This post has been updated.
It’s taken me a long time to find my way home.
Though physically residing in my childhood town – the place where it all began, you could say – I have been mentally and spiritually unmoored since my ceremonious exit from OU.
Blame it on the burnout, or my deflated ‘smart‘ persona, or even my newfound commitment to another person. So many changes have crested and fallen like waves in my life, I can sometimes scarcely recall what my life was like before May 5, 2018, or September 27, 2018, or even March 23, 2020.
One of the last pieces I wrote on my blog was about how “it’s so much more rewarding for me to live in this world instead of merely writing about it.” For too long, I defined myself by the worth of my words, pursuing two professions, in fact, that picked apart every literary phrase or analogy I sewed into my sentences. The art of writing was stolen from me, and I lost the enjoyment of trying to win it back.
Plus, it wasn’t just me anymore. The nights I once had in ample amount to craft up some new poetry book, or blog post, or essay evaporated as soon as I signed a joint-lease. And once I got my PCOS under control, I no longer remained in a turbulent state of unbalanced hormones – which meant I wasn’t as moody, or drawn-inwards, and therefore had less to write-out in self-prescribed therapy.
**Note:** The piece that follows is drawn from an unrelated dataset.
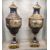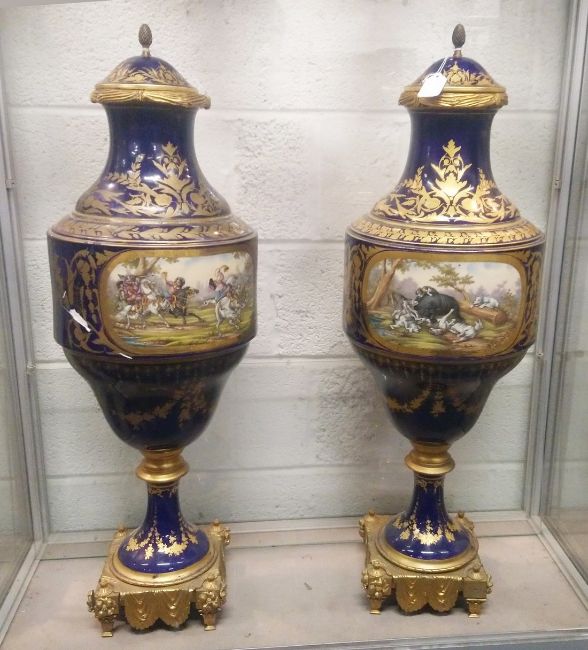 A SUPERB LARGE PAIR OF 19TH CENTURY SEVRES PORCELAIN URNS AND COVERS, rich blue ground with gilt decoration and very good quality painted panels, with ormolu mounts and bases.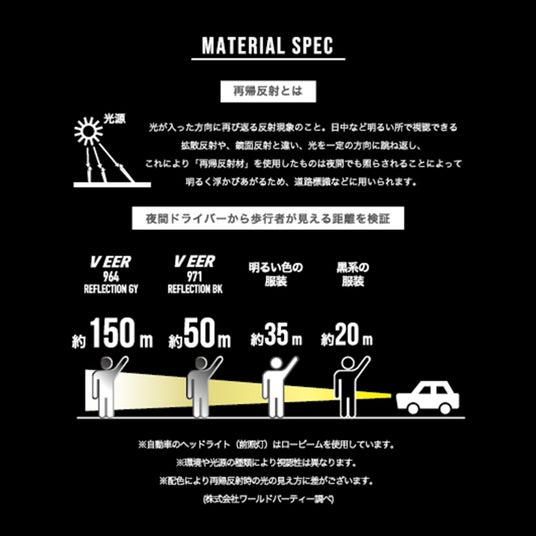 ※1:150mの再起反射における視認性はREFLECTION GRAYカラーのスペックとなります。

I knew something was still missing from my life – even after I began a fulfilling graduate program, a new job, and have maintained a healthy relationship. I spent months investing in myself, regaining my peace and re-tuning my intuition, trying so desperately to fit the remaining pieces of the puzzle back into the frame after I dropped them all on the floor three years ago.
Like the adage “you’ll always find your way back home,” my words have a way of making their way back to me, even when I least expect it. This quote from my blog “Remember who you are” found me on a cold February night.
In a world where everything is changing — ecologically and personally — I realize now the importance of maintaining a few core tenets of your inner-most self. The importance of remembering who you are — changes or no changes. Change is a natural part of our evolution — but we don’t have to let change take away everything that is our identity. I believe now that there are some things that will never change, even if we think they have.
For as much as I have tried to disentangle my identity from my written work, I am incomplete in my whole self without it.
My words, my thoughts, my sentences, my emotions, are as integral to my well-being as my breath. When I severed that lifeline by letting others, effectively, speak for me in my words, I lost a part of the person I became in the third grade.
Rather than distancing myself from this gift, this year, I am embracing that connection.
I am embarking on a new/revived project called “BNB says” on Instagram, which will feature quotes from my blogs and poems from new and previous books. I wanted a more public way of connecting with others over shared words, and I think this additional account will give me the ‘best of both worlds.’
I’m also going to create video-versions of my poems on YouTube, which will feature read-aloud versions with me narrating my own poems (what a combination!) and captions on-screen.
For as much as I love becoming a city planner, I will always be a storyteller. This year, I affirm that truth.